The best method to treat many of the conditions that cause eye pain is to permit your eyes to rest. Staring at a computer screen or tv can cause eyestrain, so your doctor might require you to rest with your eyes covered for a day or more.


If you often wear contact lenses, give your corneas time to heal by wearing your glasses.

Warm Compress

Doctors might advise people with blepharitis or a sty to use warm, moist towels to their eyes. This will help to clear the clogged up oil gland or hair follicle.


If a foreign body or chemical enters into your eye, flush your eye with water or a saline solution to clean the irritant out.


Antibacterial drops and oral antibiotics may be used to treat infections of the eye that are causing pain, including conjunctivitis and corneal abrasions.


Eye drops and oral medicines can help reduce the pain associated with allergic reactions in the eyes.

Eye drops

People with glaucoma might utilize medicated eye drops to decrease the pressure building in their eyes.

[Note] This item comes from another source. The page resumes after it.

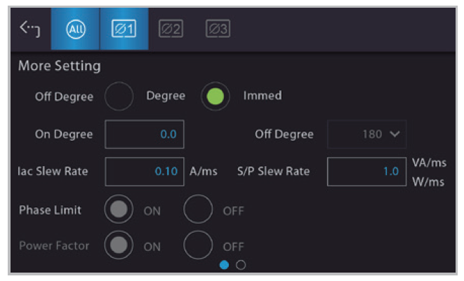 63800R系列能源回收式交流电子负载配备触控式操作萤幕,提供直观的UI介面让用户快速进行多项设定和操作。交流负载的进阶功能如拉载/卸载角度、拉载电流Slew Rate等设定,皆隐藏于右上角More Setting功能,使主设定画面简洁干净。而透过全屏模式,可将所有量测值扩展至全屏,适用于完成输入设定后的观察环节,提供用户更清楚的量测参数画面。

For more serious infections, such as optic neuritis and anterior uveitis (iritis), your doctor might offer you corticosteroids.

Pain Medications

If the pain is serious and triggers an interruption to your everyday life, your doctor might recommend a pain medicine to help alleviate the pain up until the underlying condition is treated.

Surgical Treatment

Surgical treatment is in some cases needed to repair damage done by a foreign body or burn. However, this is unusual. Individuals with glaucoma might need to have a laser treatment to improve drainage in the eye.

What Happens If Eye Pain isn’t Treated?

A lot of eye pain will fade with no or mild treatment. Eye pain and the hidden conditions that trigger it seldom cause permanent damage to the eye.

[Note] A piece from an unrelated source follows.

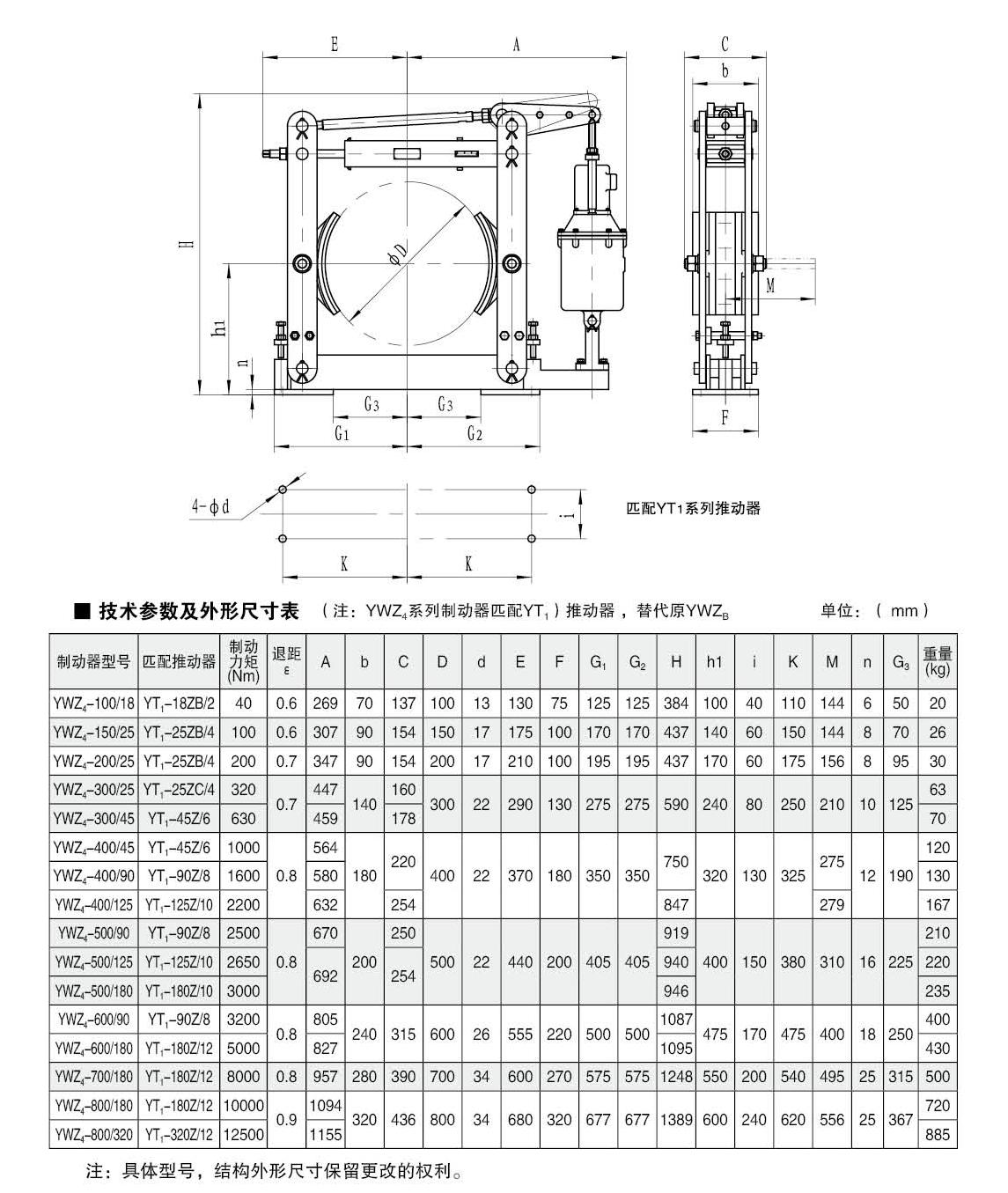 YWZ(YT1)系列電力液壓鼓式制動(dòng)器的連接尺寸和制動(dòng)力矩參數(shù)符合JB/ZQ4388-86標(biāo)準(zhǔn),技術(shù)要求符合JB / T6406-2006標(biāo)準(zhǔn)。

Nevertheless, that’s not always the case. Some conditions that cause eye pain may likewise trigger problems that are more severe if they aren’t treated.

For instance, the pain and signs triggered by glaucoma signify an upcoming problem. If not identified and treated, glaucoma can trigger vision issues and ultimately total blindness.

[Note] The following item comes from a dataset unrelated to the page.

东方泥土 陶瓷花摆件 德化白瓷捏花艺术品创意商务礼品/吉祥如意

Your vision is nothing to gamble on. If you begin to experience eye pain that isn’t triggered by something like an eyelash in the eye, make an appointment to see your eye doctor as soon as possible.

How Can You Prevent Eye Pain?

Eye pain avoidance begins with eye protection. The following are ways you can avoid eye pain:

Wear Protective Eyewear

Prevent many reasons for eye pain, such as scratches and burns, by wearing goggles or safety glasses when playing sports, exercising, mowing the lawn, or working with hand tools.

Building workers, welders, and individuals who work around flying objects, chemicals, or welding gear ought to always wear protective eye gear.

Handle Chemicals With Caution

Direct chemicals and powerful agents such as household cleaners, cleaning agents, and pest control. Spray away from your body when using them.

Exercise Caution with Children’s Toys

Avoid giving your kid a toy that can hurt their eyes. Toys with spring-loaded elements, toys that shoot, and toy swords, guns, and bouncing balls can all hurt a child’s eye.

Contact Lens Hygiene

Tidy your contacts thoroughly and regularly. Wear your glasses on occasion to enable your eyes time to rest. Don’t wear contacts longer than they are intended to be worn or used.